Description of the task = Every entry below is to be copied exactly, apart from any picture it holds.

(Saved entries)
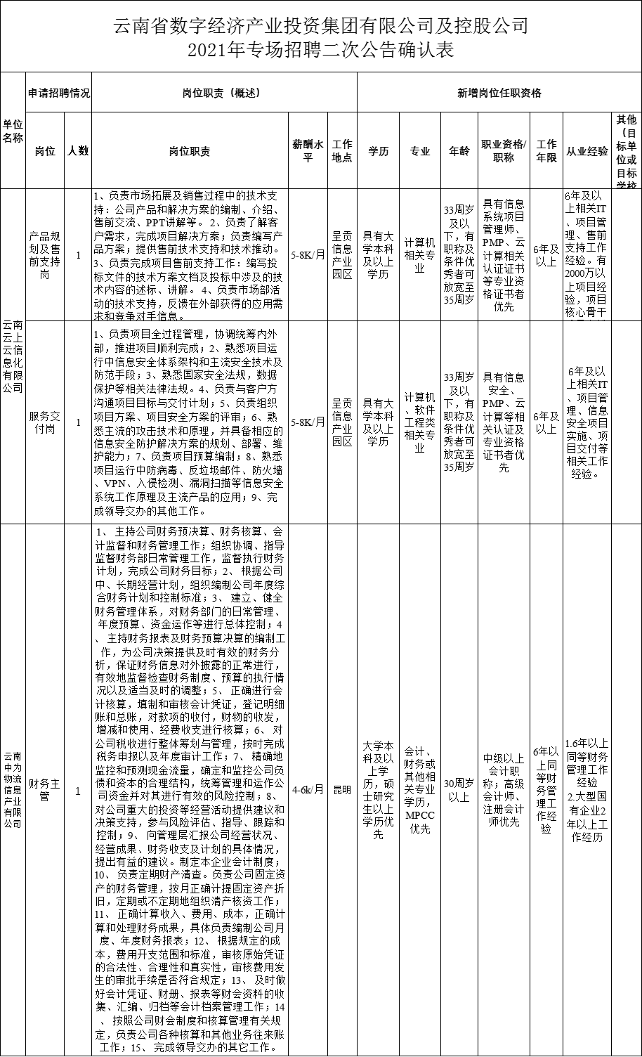 附件: 附件1:云南省數(shù)字經(jīng)濟(jì)產(chǎn)業(yè)投資集團(tuán)有限公司及控股公司2021年專場(chǎng)招聘崗位需求表(二次公告表)
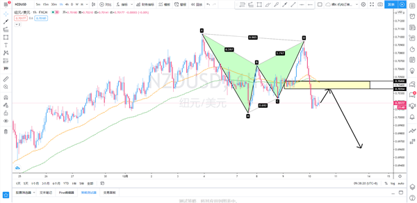 策略解析:纽元日线级别和欧元非常相似,昨天日线也是收出了一根形态较好的看跌Pinbar,并且在小时级别的看跌蝙蝠模式效果也非常好,隔夜出现一波V反的下跌,再次跌穿均线系统,以及造成了均线系统出现死叉的迹象,因此,后市大概率或将继续下跌。日内关注价格能否出现反抽0.7035-0.7045的机会,可择机逢高做空纽元,目标下方可先看向0.6960一线附近。
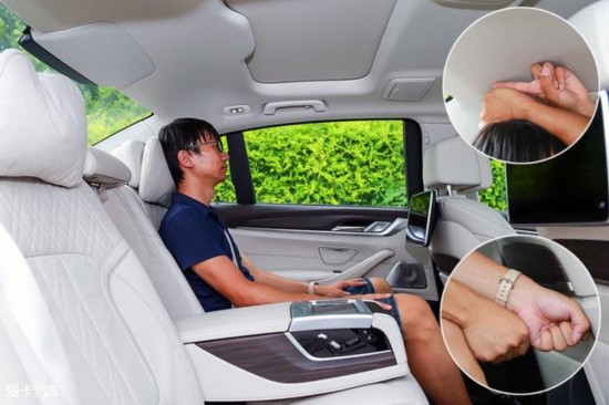 保持前排座椅位置不變,體驗者來到第二排,頭部空間還剩一拳一指,膝部空間兩拳。
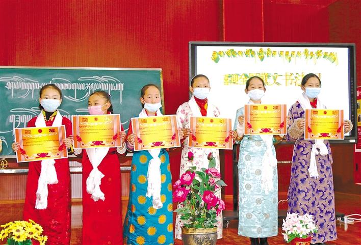 西藏山南市組織學(xué)生開(kāi)展藏文書(shū)法比賽
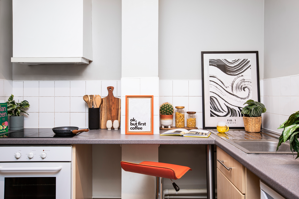 Inside, you’ll find a double bed with under-bed storage, a full-size wardrobe, and a ready-made study area so you can work from home with ease. The private kitchenette comes fully equipped with hobs, a microwave, an oven, and a fridge, giving you the freedom to cook and live by your own schedule.
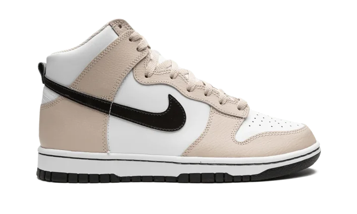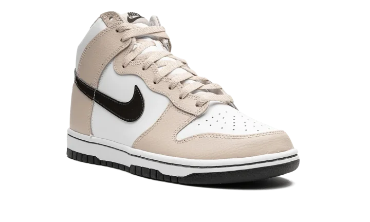 The Women's Nike Dunk High "Sanddrift" is a women's-exclusive colorway of the vintage basketball sneaker with a versatile appearance. The Dunk is one of Nike's most popular lifestyle shoes, and it's easy to see why on colorways such as the "Sanddrift." The go-anywhere shoe features a white leather base with tan leather overlays. A Velvet Brown Swoosh appears on the sides. "Nike" and Swoosh branding is found on the tongue tag. Underfoot, a white midsole and dark brown rubber outsole complete the look. Release date: February 10, 2023
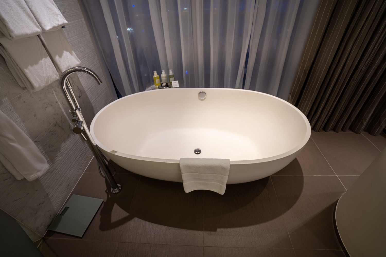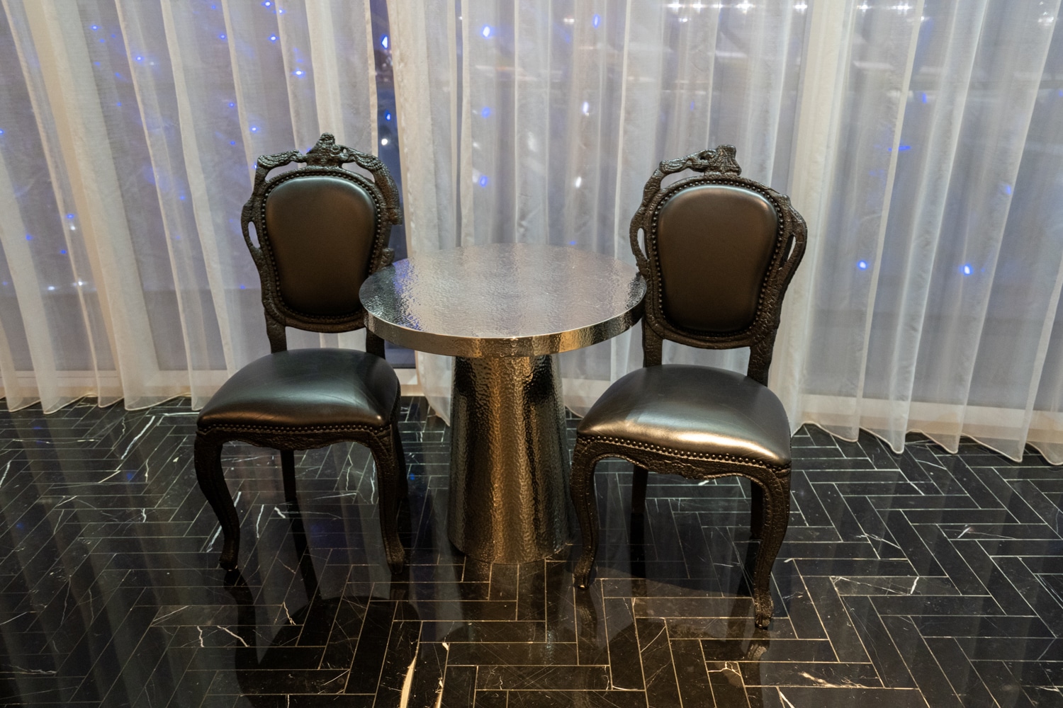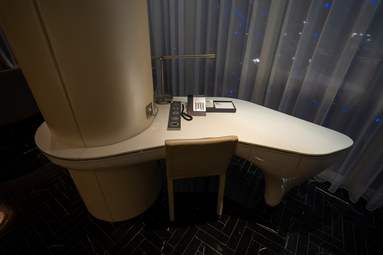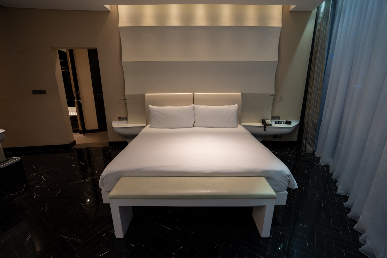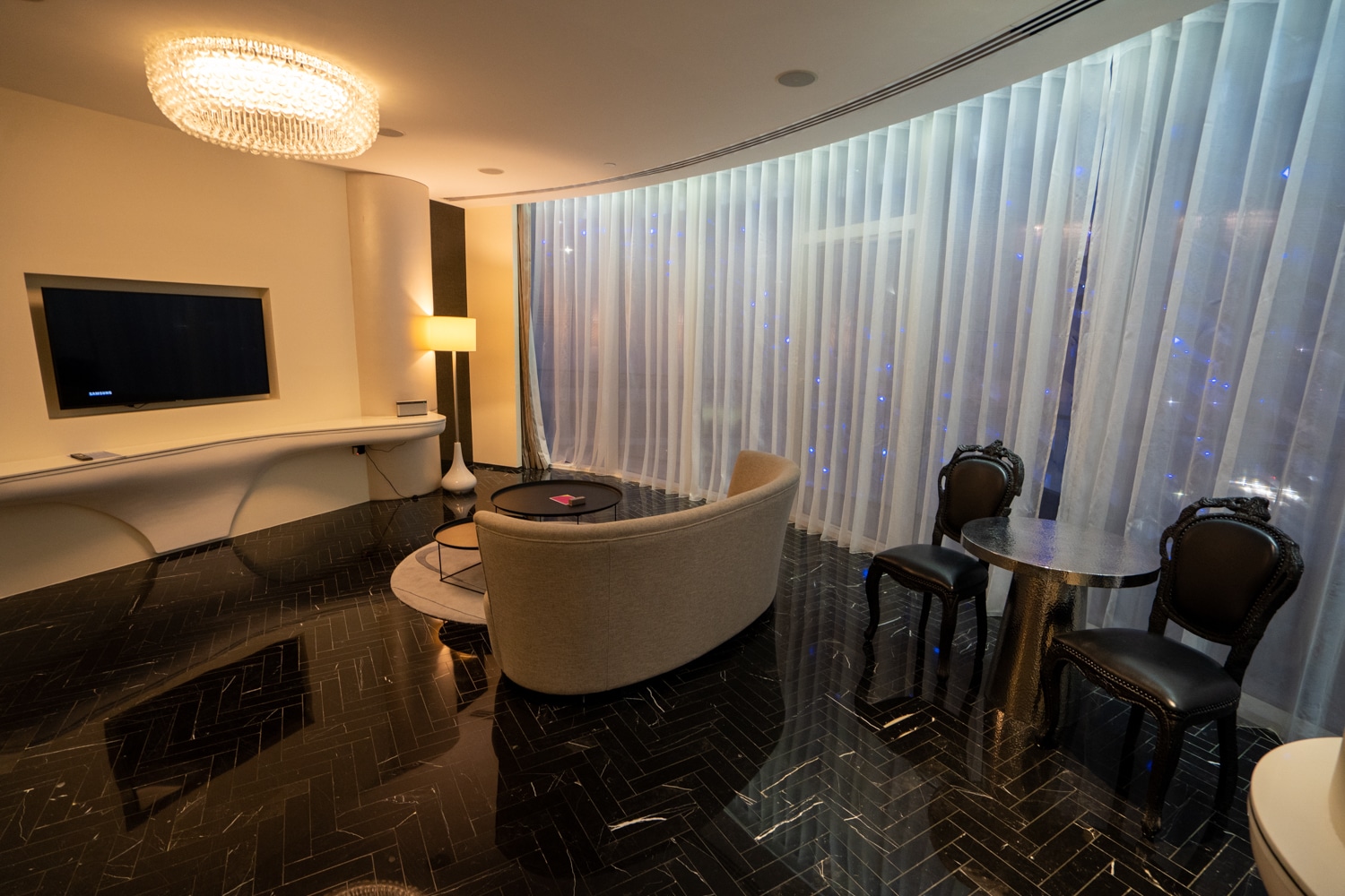 Upon entering the suite, I was greeted by the same futuristic style of the hotel’s exterior. The furnishings and design were minimalistic, with sleek jet-black flooring contrasted by light upholstered furnishings.
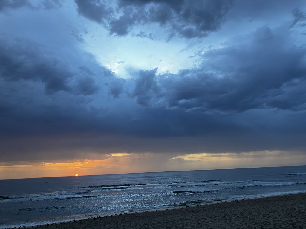 Heute mal ein ganz anderes Bild am Himmel. Dunkel, fast schon schwarz. Erst geht es an den Strand für Kaffee und Toast.
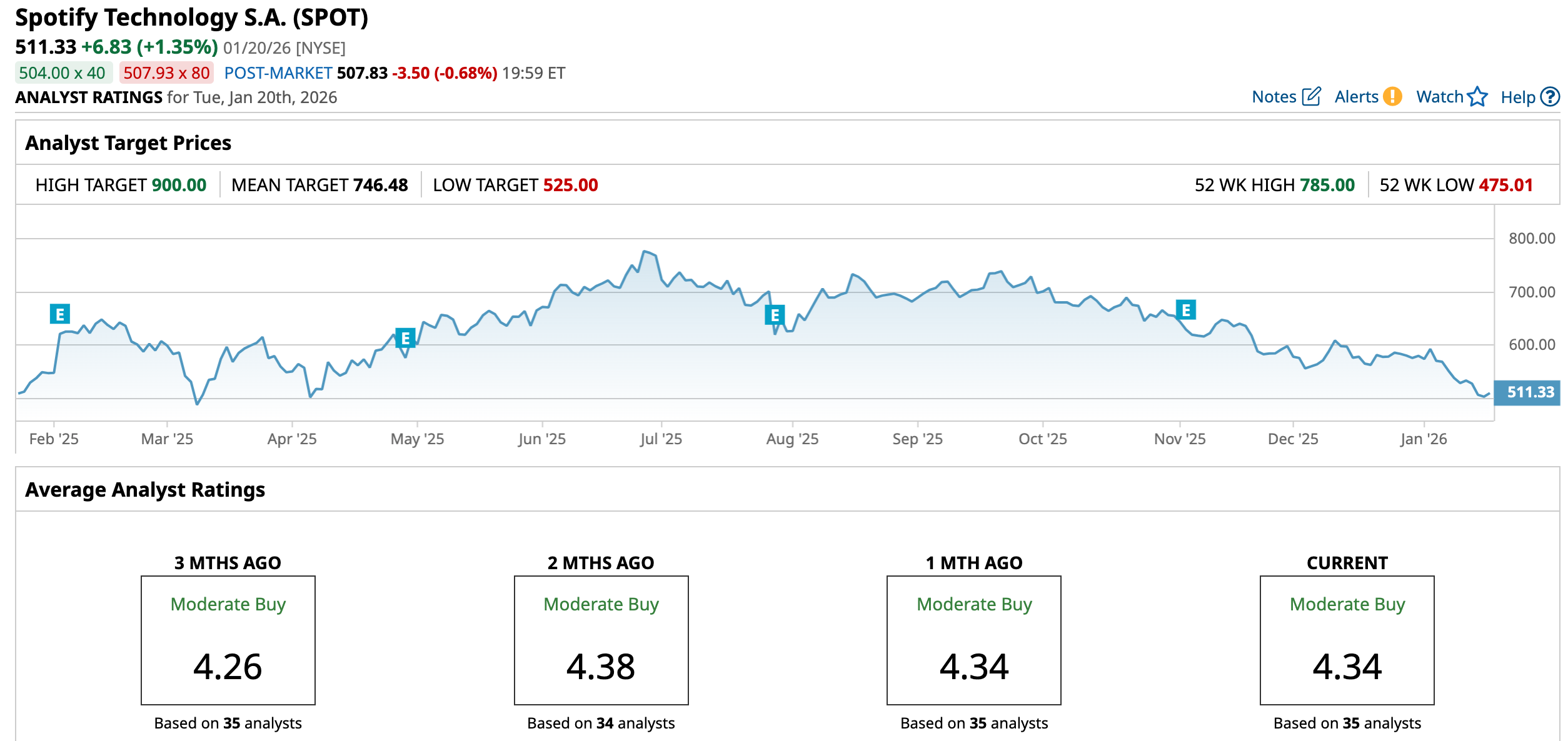 After rallying sharply earlier in the year and reaching a record high of $785 in June 2025, SPOT underwent a broad pullback through the rest of the year, currently down 34.8% from its peak. Over the past 52 weeks, shares have been up 5.31%.
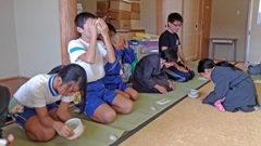 茶道クラブは,担当の田下先生のお作りになったおいしいお茶請け(大学芋とクッキー)をいただいた後,お茶をいただきました。私はおいしかったのですが,児童にはさすがに苦いだろうと思いきや,皆,「おいしい。」とのこと。すばらしい。
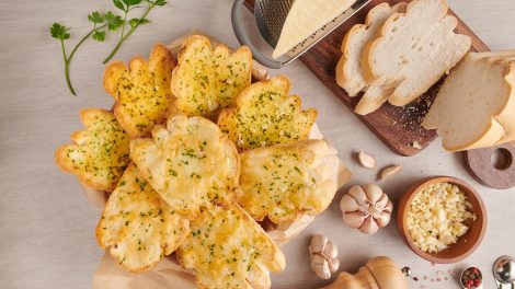 Iskoristite stari hleb i napravite specijalitet. Sastojci *1 manja vekna hleba *200 g rendane gaude * 150 g feta sira *60 g maslaca *2 čena belog...

Response to the exercise =
 附件: 附件1:云南省數(shù)字經(jīng)濟(jì)產(chǎn)業(yè)投資集團(tuán)有限公司及控股公司2021年專場(chǎng)招聘崗位需求表(二次公告表)
 策略解析:纽元日线级别和欧元非常相似,昨天日线也是收出了一根形态较好的看跌Pinbar,并且在小时级别的看跌蝙蝠模式效果也非常好,隔夜出现一波V反的下跌,再次跌穿均线系统,以及造成了均线系统出现死叉的迹象,因此,后市大概率或将继续下跌。日内关注价格能否出现反抽0.7035-0.7045的机会,可择机逢高做空纽元,目标下方可先看向0.6960一线附近。
 保持前排座椅位置不變,體驗者來到第二排,頭部空間還剩一拳一指,膝部空間兩拳。
 西藏山南市組織學(xué)生開(kāi)展藏文書(shū)法比賽
 Inside, you’ll find a double bed with under-bed storage, a full-size wardrobe, and a ready-made study area so you can work from home with ease. The private kitchenette comes fully equipped with hobs, a microwave, an oven, and a fridge, giving you the freedom to cook and live by your own schedule.
 The Women's Nike Dunk High "Sanddrift" is a women's-exclusive colorway of the vintage basketball sneaker with a versatile appearance. The Dunk is one of Nike's most popular lifestyle shoes, and it's easy to see why on colorways such as the "Sanddrift." The go-anywhere shoe features a white leather base with tan leather overlays. A Velvet Brown Swoosh appears on the sides. "Nike" and Swoosh branding is found on the tongue tag. Underfoot, a white midsole and dark brown rubber outsole complete the look. Release date: February 10, 2023
 Upon entering the suite, I was greeted by the same futuristic style of the hotel’s exterior. The furnishings and design were minimalistic, with sleek jet-black flooring contrasted by light upholstered furnishings.
 Heute mal ein ganz anderes Bild am Himmel. Dunkel, fast schon schwarz. Erst geht es an den Strand für Kaffee und Toast.
 After rallying sharply earlier in the year and reaching a record high of $785 in June 2025, SPOT underwent a broad pullback through the rest of the year, currently down 34.8% from its peak. Over the past 52 weeks, shares have been up 5.31%.
 茶道クラブは,担当の田下先生のお作りになったおいしいお茶請け(大学芋とクッキー)をいただいた後,お茶をいただきました。私はおいしかったのですが,児童にはさすがに苦いだろうと思いきや,皆,「おいしい。」とのこと。すばらしい。
 Iskoristite stari hleb i napravite specijalitet. Sastojci *1 manja vekna hleba *200 g rendane gaude * 150 g feta sira *60 g maslaca *2 čena belog...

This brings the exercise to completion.